[Python-Dev] string.join and bad sequences

Guido van Rossum guido@beopen.com
Mon, 10 Jul 2000 15:14:50 -0500


> I added a test case to Lib/test/string_tests.py that uses a sequence
> that returns the wrong answer from __len__.  I've used this test in a
> number of places to make sure the interpreter doesn't dump core when
> it hits a bad user-defined sequence.
> 
> class Sequence:
>     def __init__(self): self.seq = 'wxyz'
>     def __len__(self): return len(self.seq)
>     def __getitem__(self, i): return self.seq[i]
> 
> class BadSeq2(Sequence):
>     def __init__(self): self.seq = ['a', 'b', 'c']
>     def __len__(self): return 8
> 
> The test of string.join and " ".join don't dump core, but they do
> raise an IndexError.  I wonder if that's the right thing to do,
> because the other places where it is handled no exception is raised.
> 
> The question boils down to the semantics of the sequence protocol.
> 
> The string code defintion is:
>     if __len__ returns X, then the length is X
>     thus, __getitem__ should succeed for range(0, X)
>           if it doesn't, raise an IndexError
> 
> The other code (e.g.
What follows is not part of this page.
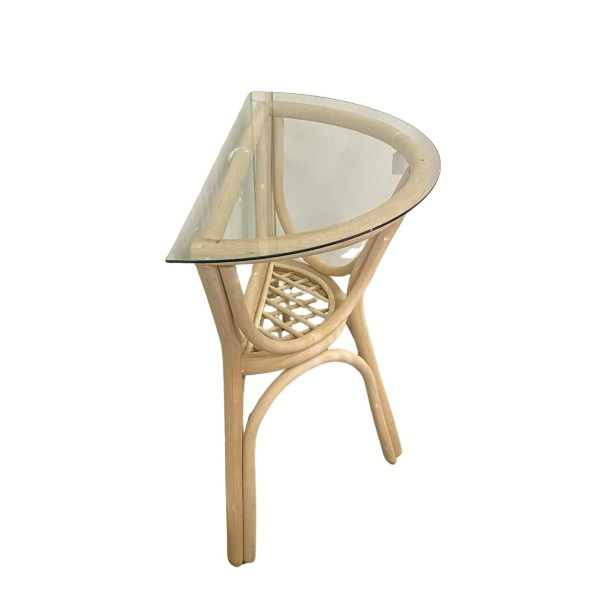 Console moelle en rotin brut avec verre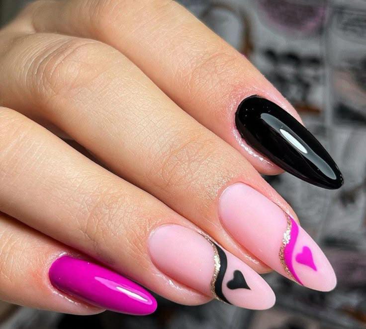 This design mixes hot pink, glossy black, and soft nude tones with tiny heart accents and metallic waves for a bold yet romantic Valentine’s look. The combination feels simple, edgy, and playful.

PySequence_Tuple) definition is:
>     if __len__ return X, then the length is <= X
>     if __getitem__ succeeds for range(0, X), then length is indeed X
>     if it does not, then length is Y + 1 for highest Y 
>                     where Y is greatest index that actually works
> 
> The definition in PySequence_Tuple seemed quite clever when I first
> saw it, but I like it less now.  If a user-defined sequence raises
> IndexError when len indicates it should not, the code is broken.  The
> attempt to continue anyway is masking an error in user code.
> 
> I vote for fixing PySequence_Tuple and the like to raise an
> IndexError.

I'm not sure I agree.  When Steve Majewski proposed variable-length
sequences, we ended up conceding that __len__ is just a hint.  The
actual length can be longer or shorter.  The map and filter functions
allow this, and so do min/max and others that go over sequences, and
even (of course) the for loop.  (In fact, the preferred behavior is
not to call __len__ at all but just try x[0], x[1], x[2], ... until
IndexError is hit.)

If I read your description of PySequence_Tuple(), it accepts a __len__
that overestimates but not one that understestimates.  That's wrong.
(In Majewski's example, a tar file wrapper would claim to have 0 items
but iterating over it in ascending order would access all the items in
the file.  Claiming some arbitrary integer as __len__ would be wrong.)

So string.join(BadSeq2(), "") or "".join(BadSeq2()) should return "abc".

--Guido van Rossum (home page: http://dinsdale.python.org/~guido/)